### Data extract
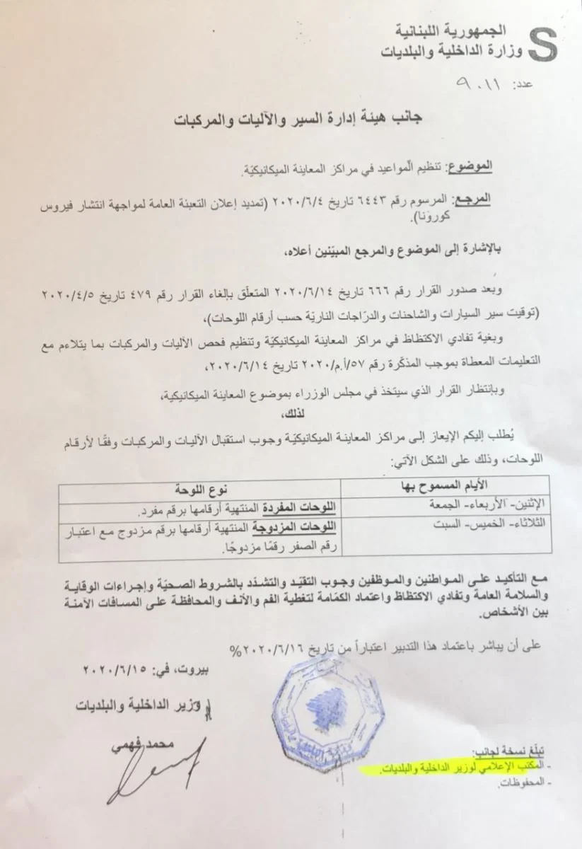 أصدر وزير الداخلية والبلديات العميد محمد فهمي مذكرة إلى هيئة إدارة السير والاليات والمركبات حول تنظيم المواعيد في مراكز المعاينة الميكانيكية، وذلك على الشكل التالي:
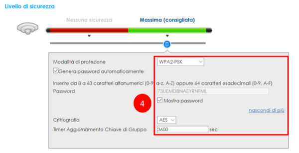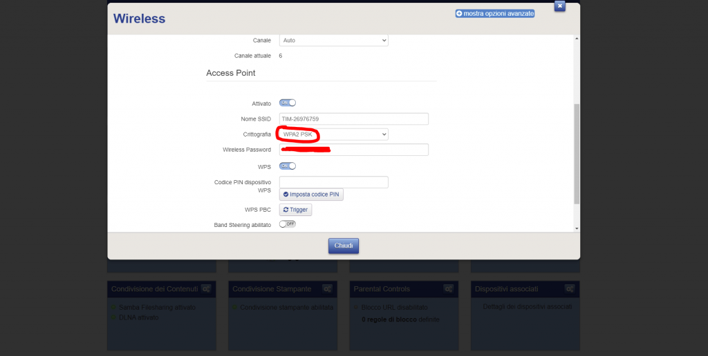 Assicurati di modificare la password con una chiave di rete che sia sicura e difficile da indovinare, lunga almeno 12 caratteri. Come modalità di cifratura, consiglio WPA2 oppure WPA2+WPA3, che rappresentano gli standard più sicuri.
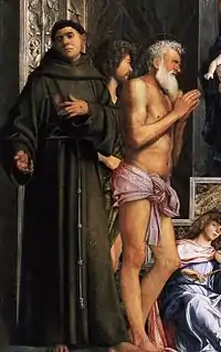 Богородицю подано на троні, котрий оточують святі. Серед них праворуч св. Домінік, Луї Тулузький і святий Себастьян. Ліворуч розташовані Іван Хреститель, святий Йов Багатостраждальний та Францис Ассізький. Частка святих заглиблена у власні думки чи власні пошуки істини (святий Себастьян, святий Домінік, Франциск Ассізький взагалі повернутий до глядачів). Вважають, що фігура Франциска Ассізього була скопійована або ретельно вивчалась при створенні вівтаря роботи Джорджоне, відомого як Мадонна Кастельфранко.
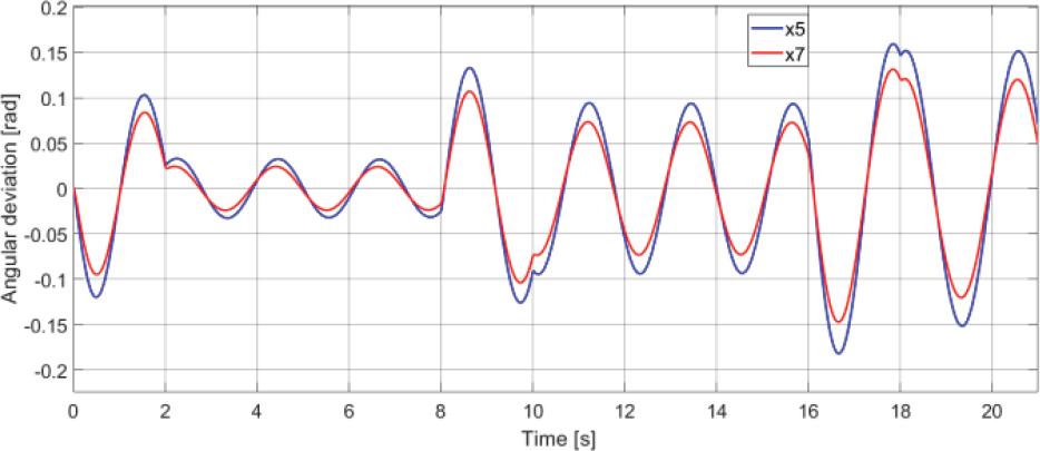 In the last variant, the values of proportional gains for PID alpha and PID beta controllers were increased. In addition, the derivative gain was assigned. Thanks to its positive influence on the transient states, the system is characterized by the best total IAE and ISE indicators among all proposed variants of PID controllers.
######
• _Task objective_: Repeat only the lines from the one with "Богородицю подано на" through the end of the data, both included and exactly as written. Pictures stay out of the copy.

• _Answer_:
 Богородицю подано на троні, котрий оточують святі. Серед них праворуч св. Домінік, Луї Тулузький і святий Себастьян. Ліворуч розташовані Іван Хреститель, святий Йов Багатостраждальний та Францис Ассізький. Частка святих заглиблена у власні думки чи власні пошуки істини (святий Себастьян, святий Домінік, Франциск Ассізький взагалі повернутий до глядачів). Вважають, що фігура Франциска Ассізього була скопійована або ретельно вивчалась при створенні вівтаря роботи Джорджоне, відомого як Мадонна Кастельфранко.
 In the last variant, the values of proportional gains for PID alpha and PID beta controllers were increased. In addition, the derivative gain was assigned. Thanks to its positive influence on the transient states, the system is characterized by the best total IAE and ISE indicators among all proposed variants of PID controllers.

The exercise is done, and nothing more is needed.